Required action
For this exercise, copy the data exactly and omit any images.

The records

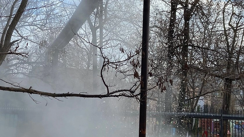На кадрах видно, что труба располагается высоко над землей. Из трещины кипяток льется на землю и на рядом припаркованные машины. По словам читательницы, спустя 20 минут после обращения в аварийную службу трубу перекрыли, позже на место приехали специалисты.
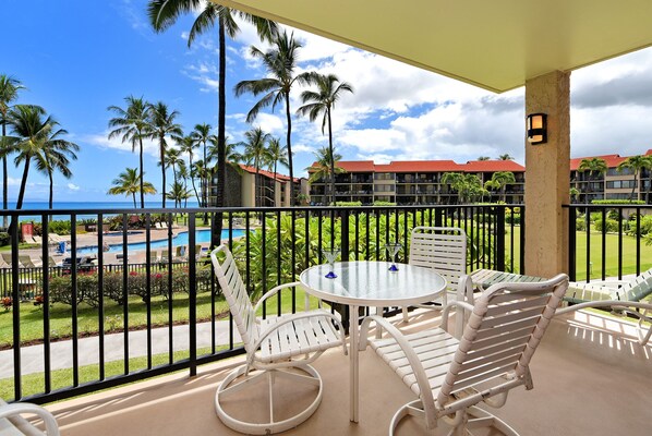 Günstig im zweiten Stock des K-Gebäudes gelegen, mit fantastischem Panoramablick auf das Meer, die Koi-Teiche, das Putting Green, die üppigen Gärten und den Pool am North Ka'anapali Beach! Tiki-Fackeln erleuchten jeden Abend die üppigen Gärten. Aktualisiert, Sommer 2011, einschließlich iPod-Dockingstation, dekorativer Bettwäsche und Accessoires sowie aktualisiertem Küchenbedarf und Geräten. Die 2 Schlafzimmer und 2 Badezimmer befinden sich alle auf einer Etage. Wachen Sie mit den Klängen und Sehenswürdigkeiten des Ozeans auf. Deckenventilatoren und eine Fensterklimaanlage im Wohnzimmer halten die Wohnung kühl. Bringen Sie Ihre elektronischen Geräte mit und genießen Sie kostenlosen WLAN-Internetzugang in unserer Wohnung. Condo verfügt über eine Waschmaschine und Trockner in voller Größe und einen Safe für Ihren Reisepass und Wertsachen. Full-Service-Rezeption Privilegien gelten für alle Anmietungen in dieser Wohnung.
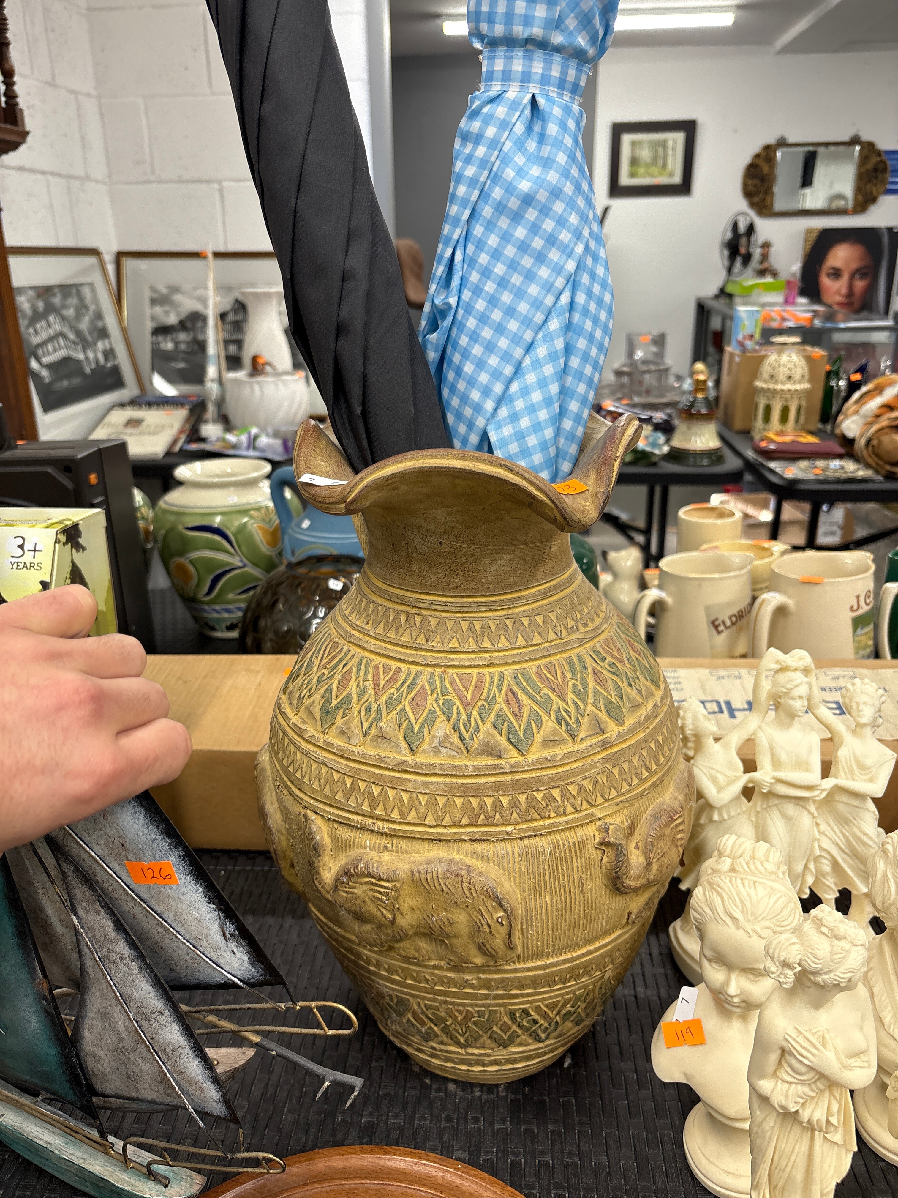 A large vintage Mid-Century Modern West German pottery floor vase, dating from the 1960s. This yellowish-brown decorative vase features a flared, undulating rim and a bulbous body. Its surface is extensively adorned with relief carvings, including a band depicting stylized elephants around the lower half, complemented by multiple bands of intricate geometric and stylized floral/leaf patterns accented with muted green, red, and brown tones. The material is a heavy ceramic or earthenware, possibly with a faux-bronze finish. No manufacturer’s marks or identifying text are visible. The vase is currently holding two umbrellas.
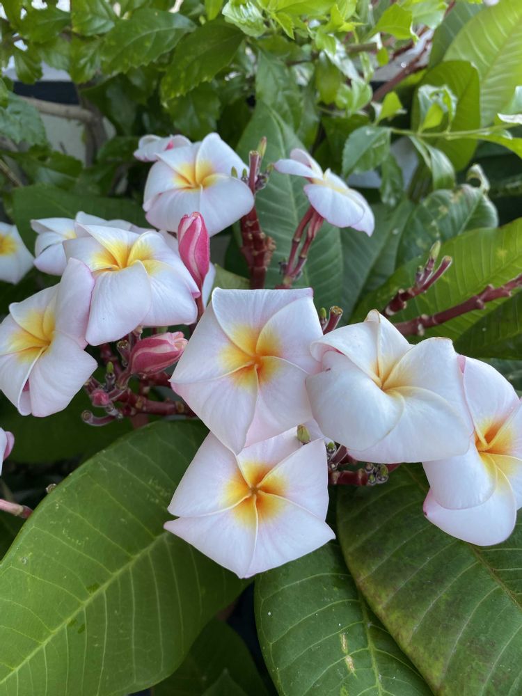 たくさん、咲いていますね✨我が家のプルメリアは葉っぱだけが、ワサワサで花は咲いていません😅来年に期待します。
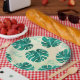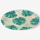 Big palm Hawaiian tropical leaves and aloha handwriting style script over a watercolor washed cream ivory background decorative paper plates for your summer beach parties.
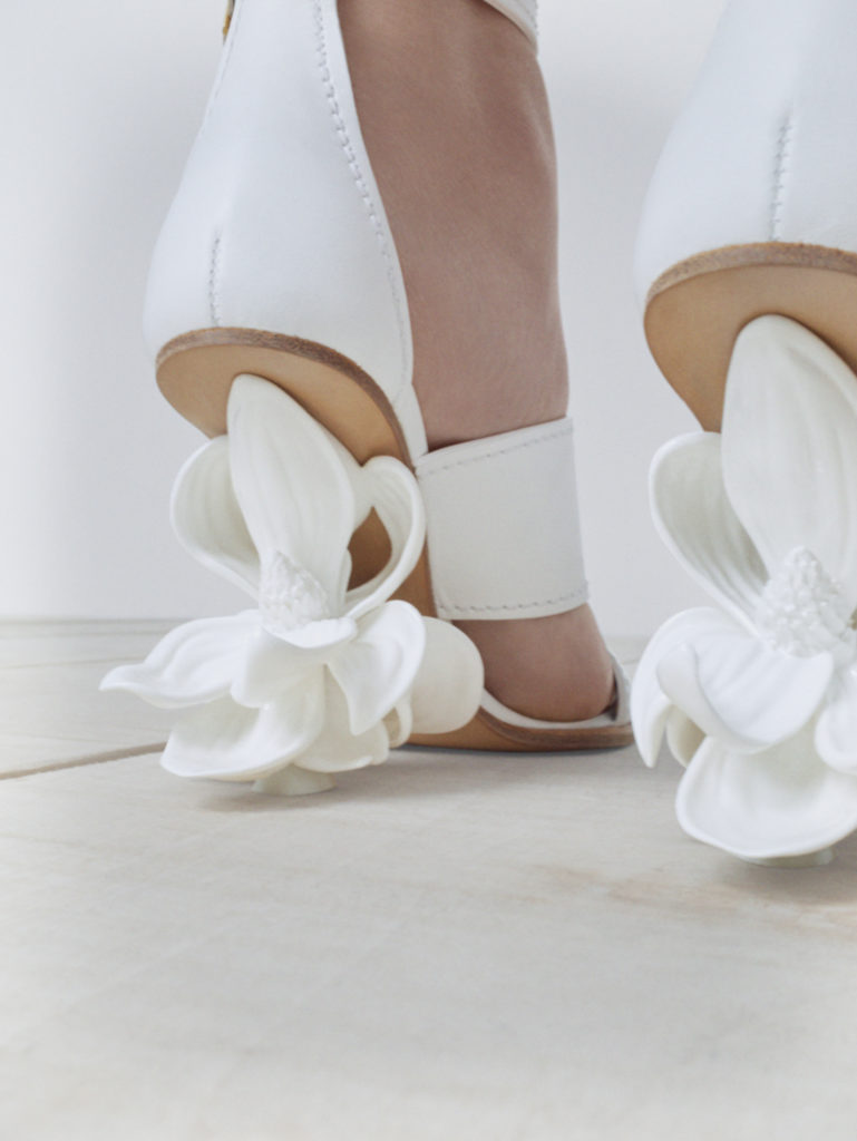Inspiré des fleurs en voie de disparition, thème récurrent dans les collections Cruise et Printemps / Été 2020, le talon en forme de magnolia a été dessiné, scanné et imprimé en résine 3D pour un effet naturaliste.

Written solution
На кадрах видно, что труба располагается высоко над землей. Из трещины кипяток льется на землю и на рядом припаркованные машины. По словам читательницы, спустя 20 минут после обращения в аварийную службу трубу перекрыли, позже на место приехали специалисты.
 Günstig im zweiten Stock des K-Gebäudes gelegen, mit fantastischem Panoramablick auf das Meer, die Koi-Teiche, das Putting Green, die üppigen Gärten und den Pool am North Ka'anapali Beach! Tiki-Fackeln erleuchten jeden Abend die üppigen Gärten. Aktualisiert, Sommer 2011, einschließlich iPod-Dockingstation, dekorativer Bettwäsche und Accessoires sowie aktualisiertem Küchenbedarf und Geräten. Die 2 Schlafzimmer und 2 Badezimmer befinden sich alle auf einer Etage. Wachen Sie mit den Klängen und Sehenswürdigkeiten des Ozeans auf. Deckenventilatoren und eine Fensterklimaanlage im Wohnzimmer halten die Wohnung kühl. Bringen Sie Ihre elektronischen Geräte mit und genießen Sie kostenlosen WLAN-Internetzugang in unserer Wohnung. Condo verfügt über eine Waschmaschine und Trockner in voller Größe und einen Safe für Ihren Reisepass und Wertsachen. Full-Service-Rezeption Privilegien gelten für alle Anmietungen in dieser Wohnung.
 A large vintage Mid-Century Modern West German pottery floor vase, dating from the 1960s. This yellowish-brown decorative vase features a flared, undulating rim and a bulbous body. Its surface is extensively adorned with relief carvings, including a band depicting stylized elephants around the lower half, complemented by multiple bands of intricate geometric and stylized floral/leaf patterns accented with muted green, red, and brown tones. The material is a heavy ceramic or earthenware, possibly with a faux-bronze finish. No manufacturer’s marks or identifying text are visible. The vase is currently holding two umbrellas.
 たくさん、咲いていますね✨我が家のプルメリアは葉っぱだけが、ワサワサで花は咲いていません😅来年に期待します。
 Big palm Hawaiian tropical leaves and aloha handwriting style script over a watercolor washed cream ivory background decorative paper plates for your summer beach parties.
Inspiré des fleurs en voie de disparition, thème récurrent dans les collections Cruise et Printemps / Été 2020, le talon en forme de magnolia a été dessiné, scanné et imprimé en résine 3D pour un effet naturaliste.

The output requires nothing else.